Architect brings artistic vision

An aerial view of the General DataComm property in downtown Naugatuck.  –RA ARCHIVE
An aerial view of the General DataComm property in downtown Naugatuck. –RA ARCHIVE

NAUGATUCK — Joseph Migani is no stranger to downtown redevelopment.

Migani, an architect and owner of the Seymour-based O’Riodan Migani Architects, played a large role in the redevelopment of downtown Seymour where he has worked on five buildings, including the building that houses his office at 22 Bank St. and a newly constructed 26-apartment senior housing building.

Migani said he began his work in downtown Seymour in the mid-1990s when he noticed how many vacant historic buildings there were.

“We have used Seymour as a laboratory and had a wonderful time over the last 20 years,” Migani said.

Seymour Economic Development Director Fred Messore said Migani helped create the antiques district within the town through his work in the downtown area.

“He’s done a wonderful job. Since he’s an architect by trade he kept the essence and integrity of the original structures,” Messore said. “They are a beautiful compliment to the beautiful downtown New England area we’ve created here.”

Migani, who lives in Woodbridge, is now looking to bring his experience and vision to Naugatuck.

The Board of Mayor and Burgesses this month granted Migani a six-month option to develop and purchase the General DataComm building at 6 Rubber Ave. and 2.5 acres of land known as Parcel A in downtown.

Migani said his vision for the Naugatuck project is different than what he’s done in Seymour and on a grander scale.

Migani plans to build 96 studio-style, affordable housing apartments for artists on the third and fourth floor of the four-floor, 80,000-square-foot former industrial building. The plan also calls for office space on the second floor of the building and a mix of retail and parking for the first floor.

“The sum total of our experience has led us to propose an arts and culture collaborative there which has the advent of enhancing quality of life and have a local and regional draw,” Migani said. “The keyword is smart-growth.
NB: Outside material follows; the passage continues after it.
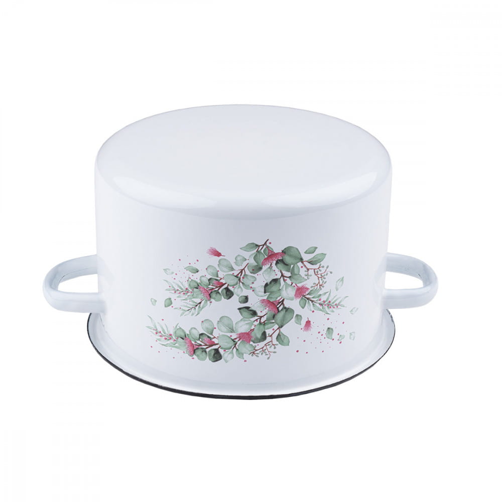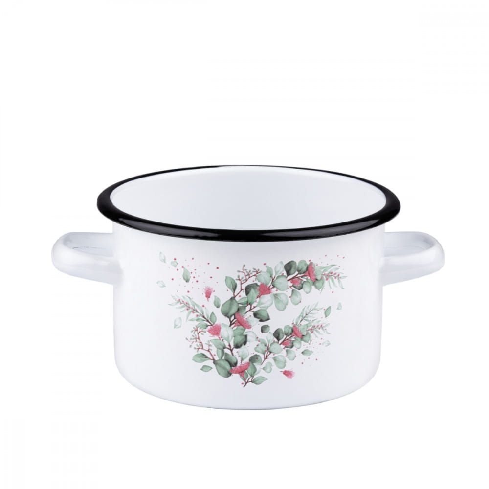 Garnek Emaliowany Biały Emalia Rybnik Eukaliptus 16 Cm 2 L
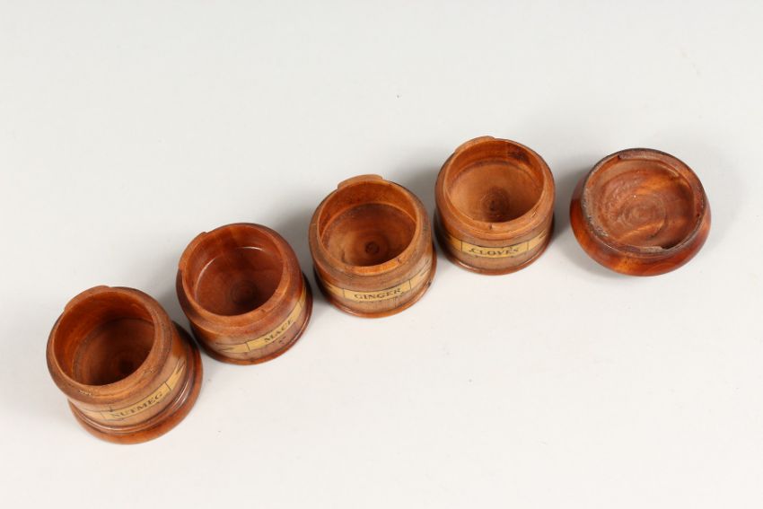 A FOUR-TIER WOOD SPICE TOWER, Cloves, Ginger, Mace and Nutmeg.

It’s an urban initiative, which means you are trying to move away from suburbs.”

Migani said one of the reasons he was drawn to the General DataComm building is that it was well built and is made of heavy industrial concrete.

“You could drive trucks on this thing on any floor. It speaks of the significance of Naugatuck as an innovative center of manufacturing,” Migani said.

Migani was also attracted to the borough and the old Uniroyal site specifically because of its historical significance.

“They pioneered the patents for most of the things we take for granted today, including rubber souls for shoes,” Migani said.

Migani said the project would help Naugatuck become the reverse of suburbanization.

“People choose to live in urban areas because there are more amenities. There are movies, restaurants, and more things to do. Next to it you have this beautiful urban acreage,” Migani said.

While the borough currently does not have some of the amenities Migani discussed, he believes they will start to arrive once there is a greater demand for them.

“If we are successful in getting 96 artists into this building you’ll see galleries, restaurants, music venues and bars open,” Migani said.

Migani has a personal stake in the project beyond being the developer. He is also an artist.

Migani studied music theory and composition in college but ultimately chose design as his career path.

“My father was a contractor. It’s in my blood,” Migani said. “The creativity was channeled into building because it’s in my blood.”

Migani said he decided to propose the idea of an arts and culture collaborative as a way to pay homage to Naugatuck’s past without being stuck in what the borough once was.

“It recognizes Naugatuck is no longer the industrial powerhouse it once was. It is transitioning into a bedroom community. Those who are commuting to work would prefer to work locally,” Migani said.

Migani believes once the project is complete it will create an artists’ community that will have a regional draw.

“This will bring people to work and live here from all over New England,” Migani said.

As Migani gets to work, he wants people to know that he’s not going into this project without any knowledge of how to obtain funding or carrying a project like this to fruition.

“This is based on our experience of funding and doing projects in Seymour,” Migani said.
He added, “Our goal is to make this project so attractive as an economic development project in Naugatuck that it resonates statewide and convinces the powers that be they want to be involved.”

Migani said he first has to seek out zoning approval for the project and will then begin to work towards obtaining pre-development loans for the soft costs, which includes an environmental analysis, a site survey and a marketing study.

“We’ll be crossing our T’s and dotting our I’s,” Migani said. “We will do our due diligence.”

If everything goes has planned, Migani said a shovel will be in the ground in 18 months. Once construction starts it will be completed in different phases and Migani expects it to take three years minimum for the project to be completed.

For now though, he’s taking it one step at a time.

“You crawl before you walk, and walk before you run. You have to create a catalyst for change, like growing a garden. You till it, weed it, nurture it, it grows, and then you have a harvest,” Migani said.